**Problem description**
The answer must consist solely of the lines from the one containing "- Cortamos las" through the last line of the records, set down exactly and without any pictures.

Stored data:
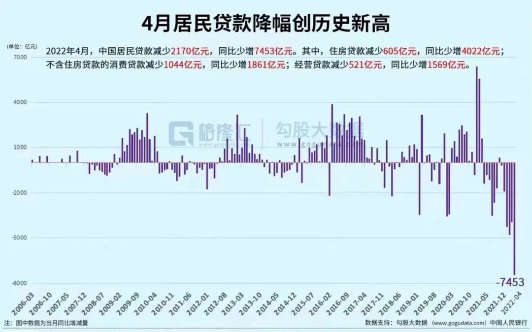 然而,在这样的背景下,4月份居民贷款降幅却创历史新高,其中住房贷款减少了605亿元,同比少增了4022亿元。
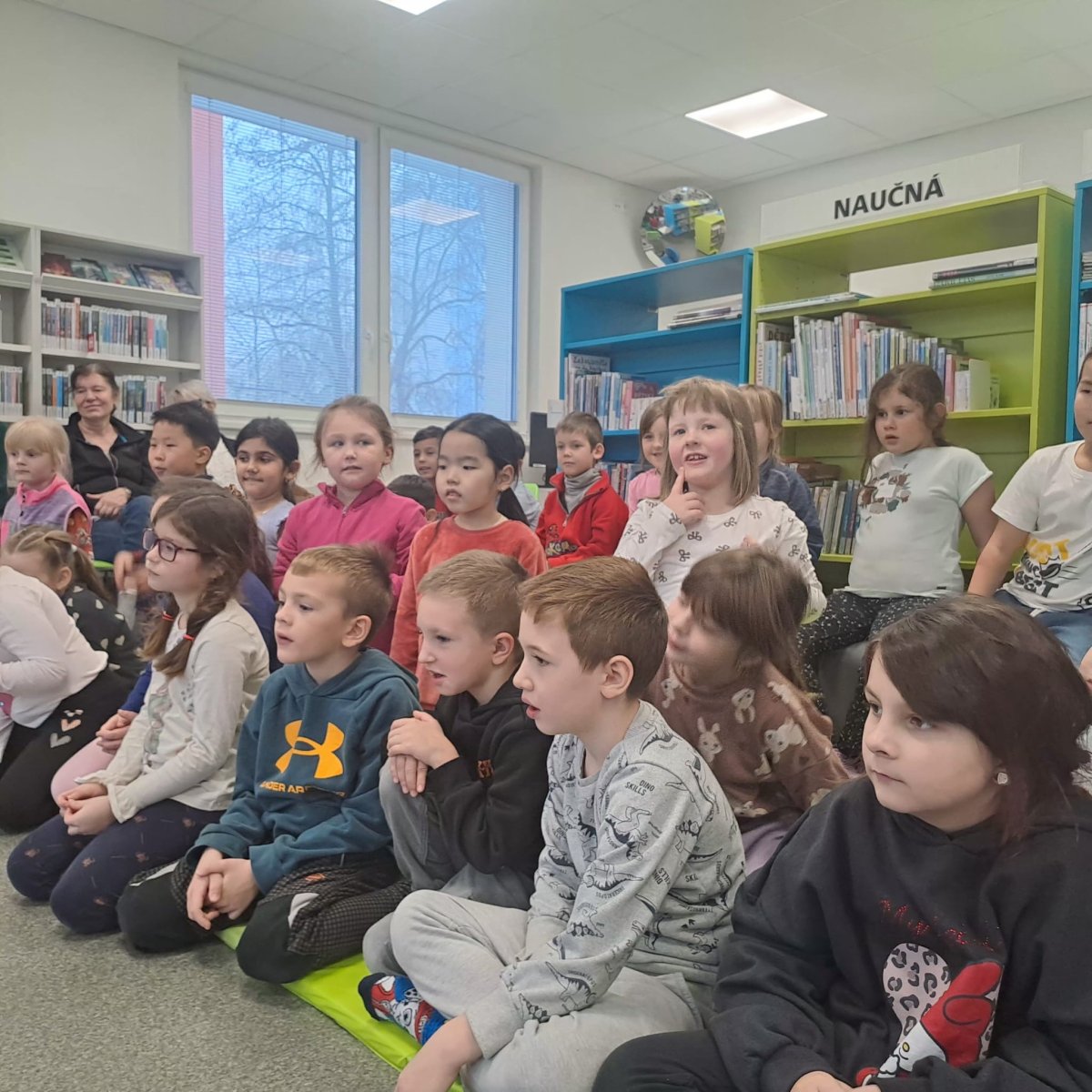 Ve středu šli žáci ze všech prvních tříd podívat do knihovny na dvě krásné, známé pohádky: Jak pejsek s kočičkou umývali podlahu a Jak pejsek s kočičkou pekli dort.
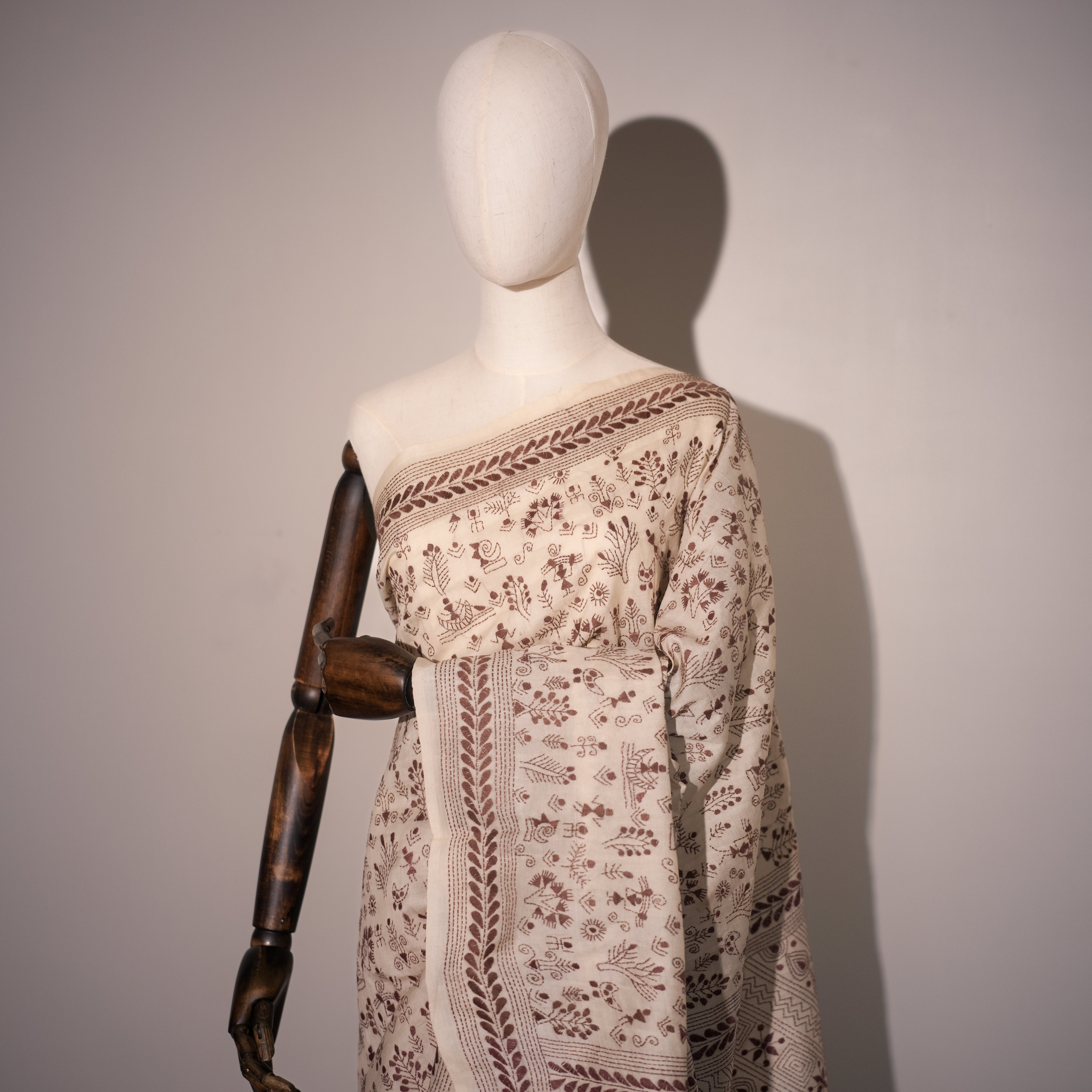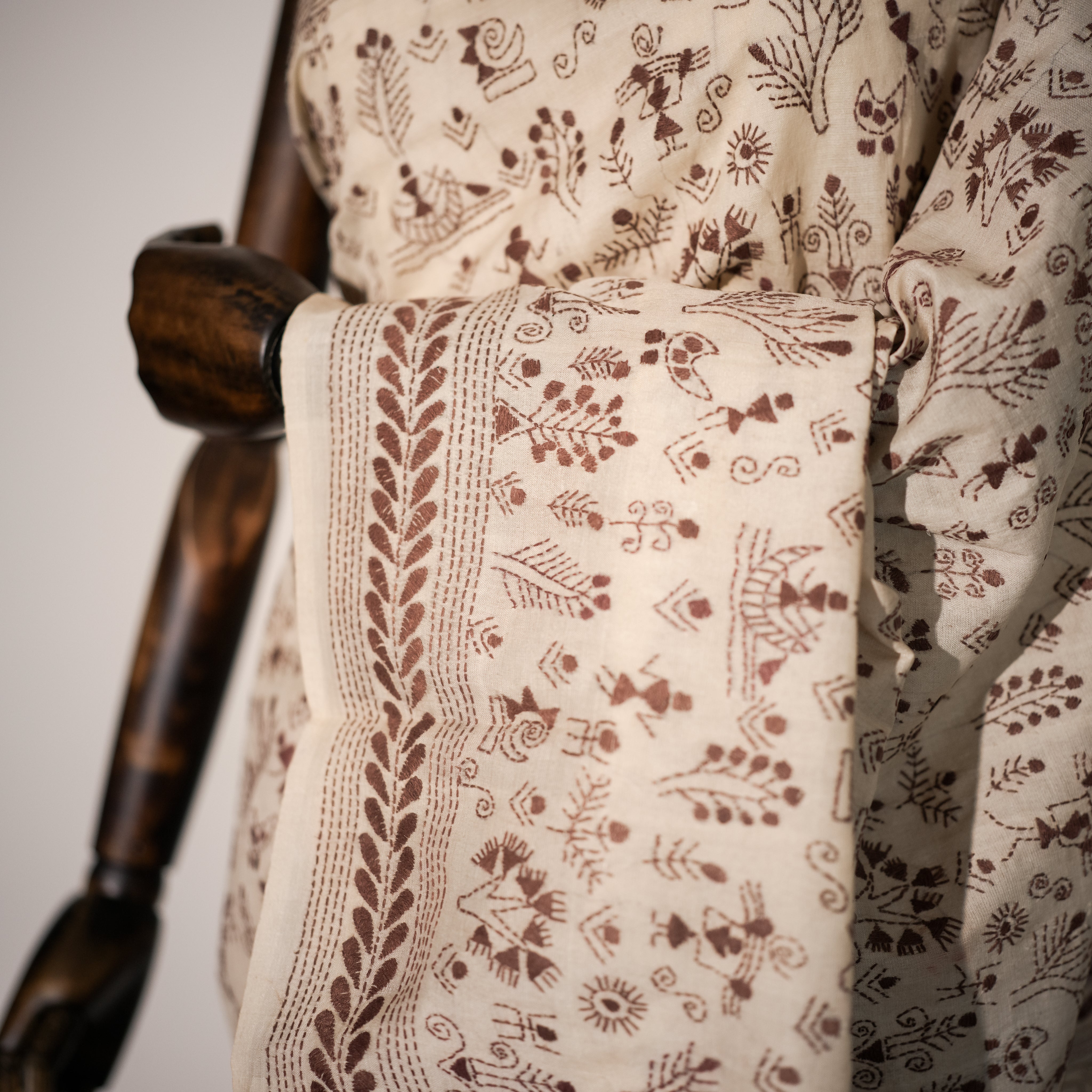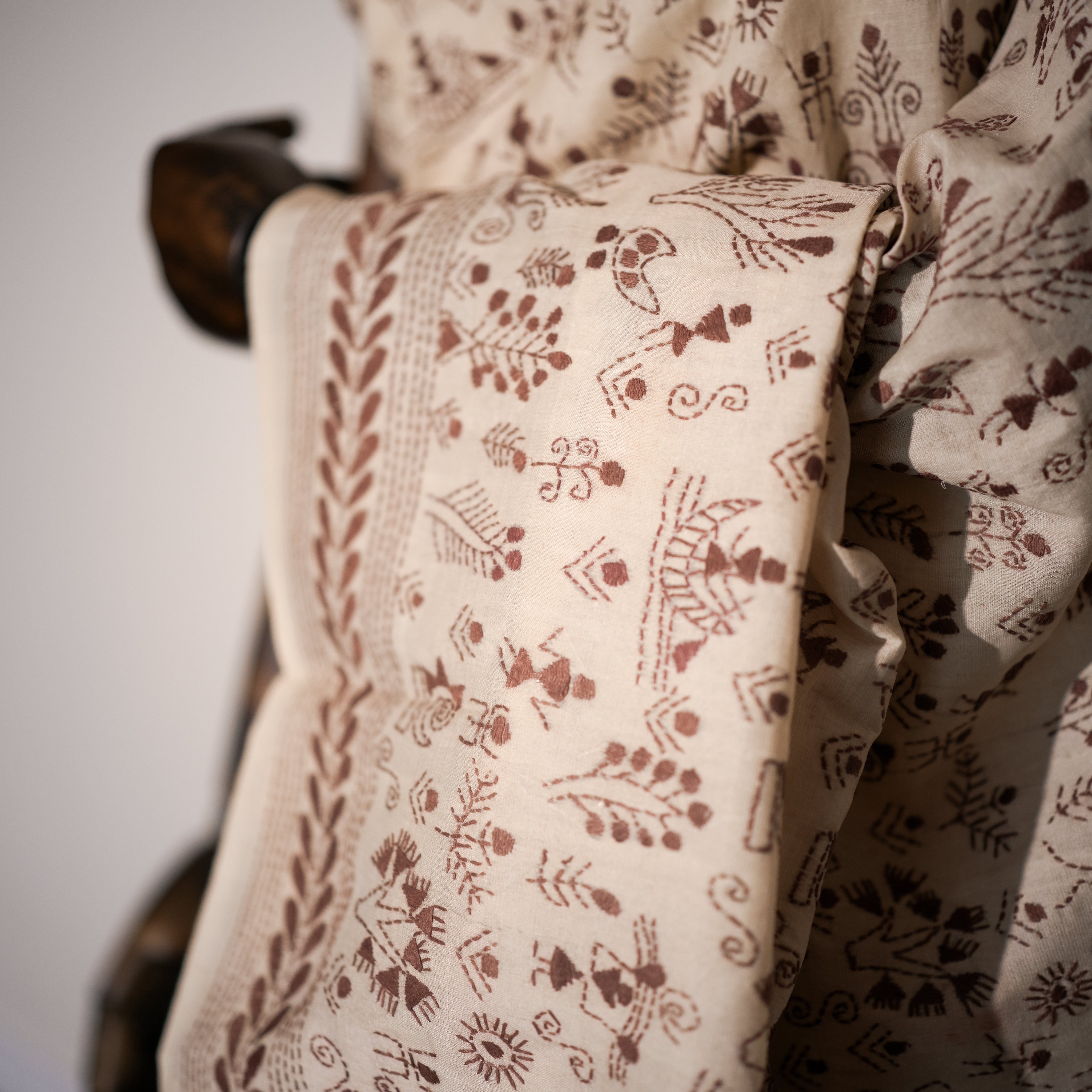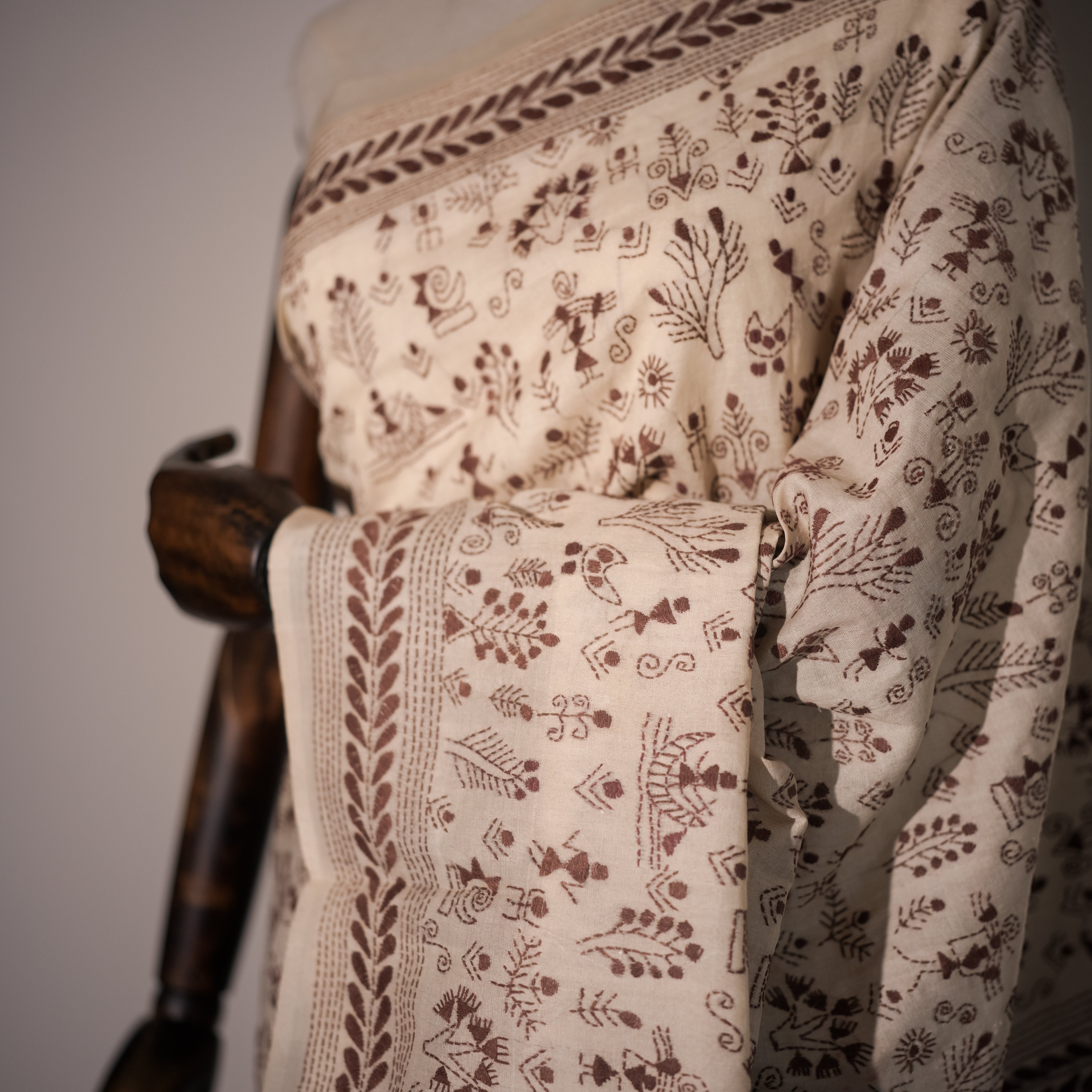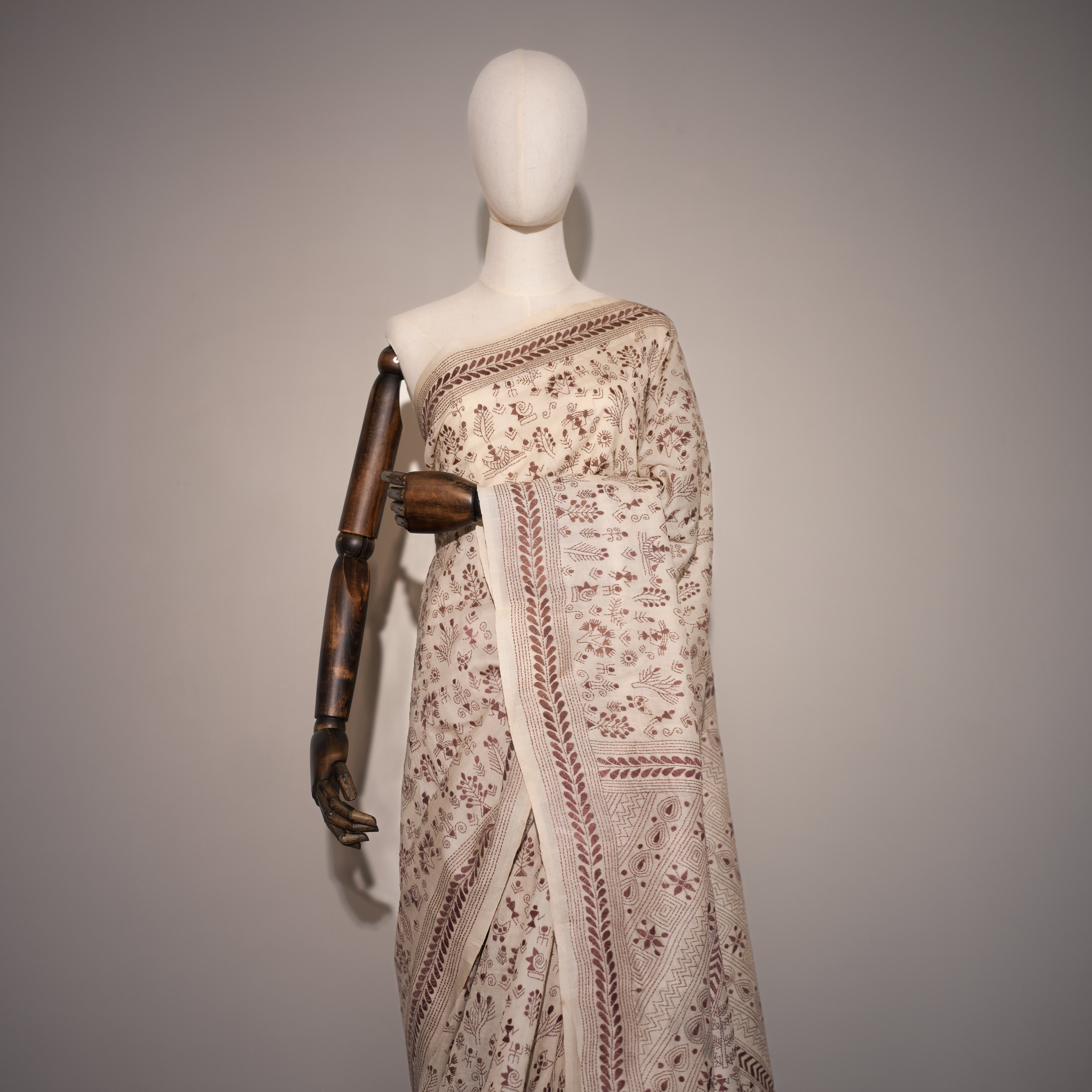 This exquisite ivory Katha stitch saree is meticulously hand-embroidered with intricate maroon threadwork. The fabric radiates elegance, while the detailed motifs capture traditional artistry, featuring florals, foliage, and narrative-inspired patterns that bring the textile to life. The contrasting maroon embroidery on the soft ivory base gives it a timeless grace, perfect for both cultural celebrations and elegant soirées. Each stitch reflects the artisan’s devotion, turning this saree into a wearable story of heritage and craftsmanship.
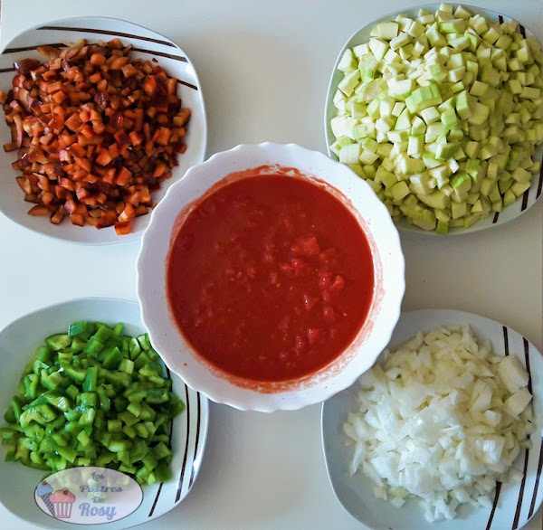 - Cortamos las verduras en daditos de un centímetro aproximadamente.
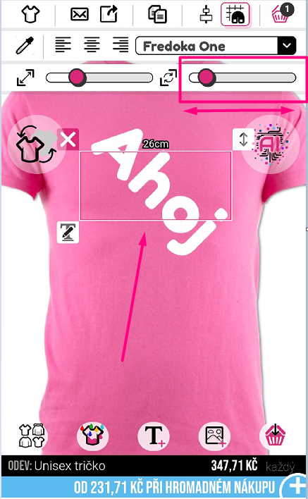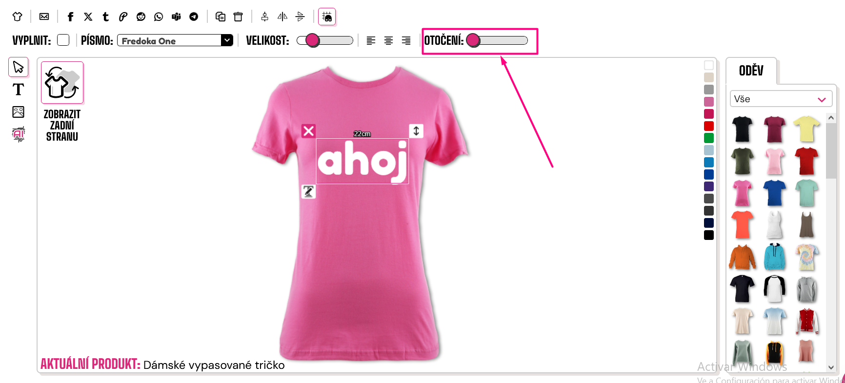 Pro otočení obrázku nebo textu budete potřebovat prst a posunout posuvník rotace v pravém horním rohu návrháře.

**Your solution**
 - Cortamos las verduras en daditos de un centímetro aproximadamente.
 Pro otočení obrázku nebo textu budete potřebovat prst a posunout posuvník rotace v pravém horním rohu návrháře.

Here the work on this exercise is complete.